From The Pen Of Frank Jackman
Everybody knew, everybody who got
within fifty feet of him, distance enough for him to bellow out some 1950s
song, knew that Jimmy Jenkins had been on some kind of childhood nostalgia kick
back in 2012 when he went wild or as he said more soberly at the time, “I have
recently been on a tear in reviewing individual CDs in an extensive commercial Rock
‘n’ Roll series and have kicked out the jams doing that deed.” Done so for a
purpose to be described now. Well, hell, you already know if you knew Jimmy
back in the day, back when that rock and roll music was just coming off the
presses as fast a discretionary spending teenagers could get their hands on the
latest be all and end all number, or like I did when I met him about twenty
years ago when he was married to my sister Jenny, his third and hers to so
there was no crying about what to expect, or not expect out of that
institution, that it had to be about some woman.
A lot of the nostalgia gag, given that Jimmy
had just turned seventy at the time, and frankly should have been past such childish
things had been a result of running into Melinda Loring, an old classmate and
one time dream flame in high school, Hampton Falls High up in New Hampshire,
although nothing had come of it then. Nothing had come of it after he, having
been properly warned off after inquiring of some guys at school about whether
she had a boyfriend or not, important information to avoid the fatal faux pas of making a “move” on somebody
who was “taken” that she was “unapproachable,” had moved on. There are books
that could be written, and maybe they have already, about the subtle and not so
subtle codes in that old time mating ritual but I think Jimmy had it about
right to move on rather than test the waters and become the tittle at some
Monday morning before school girls’ locker room talkfest where such an
indiscretion would have been the kiss of death for him for the rest of his high
school time. See too Melinda confirmed that information when he ran into her at
some class reunion thing or I think he said it was the class celebrating all
those who had survived three score and ten having gained some wisdom from two
broken marriages. Get this though and you may not find it in any code book but
maybe just the book of getting on in life she said that she was not “unapproachable”
to Jimmy now.
And so they had had a short affair, a
few month thing not exactly fling but not exactly forever, an affair that just
didn’t have the will power to survive on both parts, her with her incessant
need to plan in detail their every move for the next three years and he by an
incessant need after his own three failed marriages to keep running away from
the serious commitment that she craved. However during the high life of the
affair Jimmy felt that he needed to go back and retrace their musical times,
felt as was his wont that he had to trace every blessed song (and bellow them
out as well) from their youth in order to impress her with his sincerity. See
that was his style, his way to work the woman scene back then and it worked,
worked on girls who were as nerdy as him but not genuine foxes like Melinda
(and looking at an old high school yearbook photograph, no, not the silly class
picture where everybody looked like they had just done five to ten for armed
robbery at the state pen, even the girls, but one of her as an officer some
club, the Glee Club I think, confirms that “fox” designation).

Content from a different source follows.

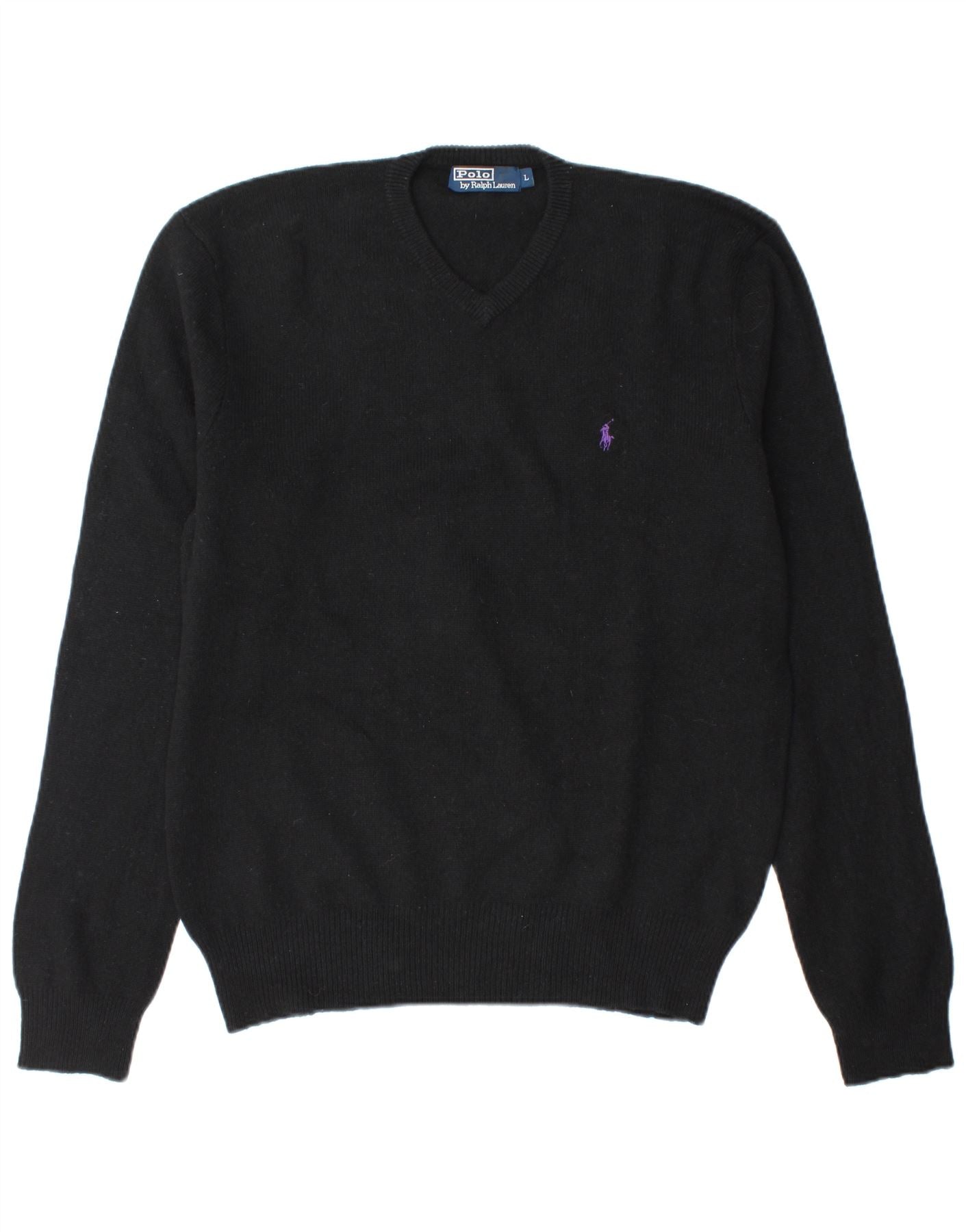 Polo Ralph Lauren - Jersey con cuello en V para hombre, talla grande, lana de cordero negra

And so the affair, or whatever it was
in each of their minds, might not have lasted but his CD review work has a
certain lasting quality that he insisted that I read. See I knew guys like Jimmy
in high school, nerdy guys who had to know every blessed thing about some
subject or they felt stupid or incomplete but you had better as your shrink
about that, and being the same age roughly knew the music (unlike my sister
Jenny who was ten years younger and so knew “acid rock” and later stuff) and so
I became something of a sounding board as he “discovered” each new selection.
Oh yeah, and in case you don’t remember I would have been a guy who warned
Jimmy off of Melinda back in the day, and that little affair they had as well
except I was in California then, and so he said I “owed” him. In the interest
of full disclosure, and Jimmy knows this opinion of mine so I am not telling
tales out of school. See I too was a guy who was interested in a girl, Diana
Nelson, and another classmate had warned me off her as “unapproachable” except
I did not move on and faced a few Monday morning before school girls’ locker
room bashings (again showing how important intelligence is to have before
making some fatal blushing move).
Jimmy told me a lot of his reviews had
been driven by the artwork which graced the covers of each CD, both to stir
ancient memories and reflect that precise moment in time, the youth time of the
now very, very mature (nice sliding over the age issue, right?) baby-boomer
generation who lived and died by the music. And who fit in, or did not fit in
as the case may, to the themes of those artwork scenes. The series basically
went from about 1955 to 1965 the time now called the age of classic rock and
roll. One year, the year I want to hone in on, 1959, Jimmy found the artwork a
case of the latter, of the not fitting in.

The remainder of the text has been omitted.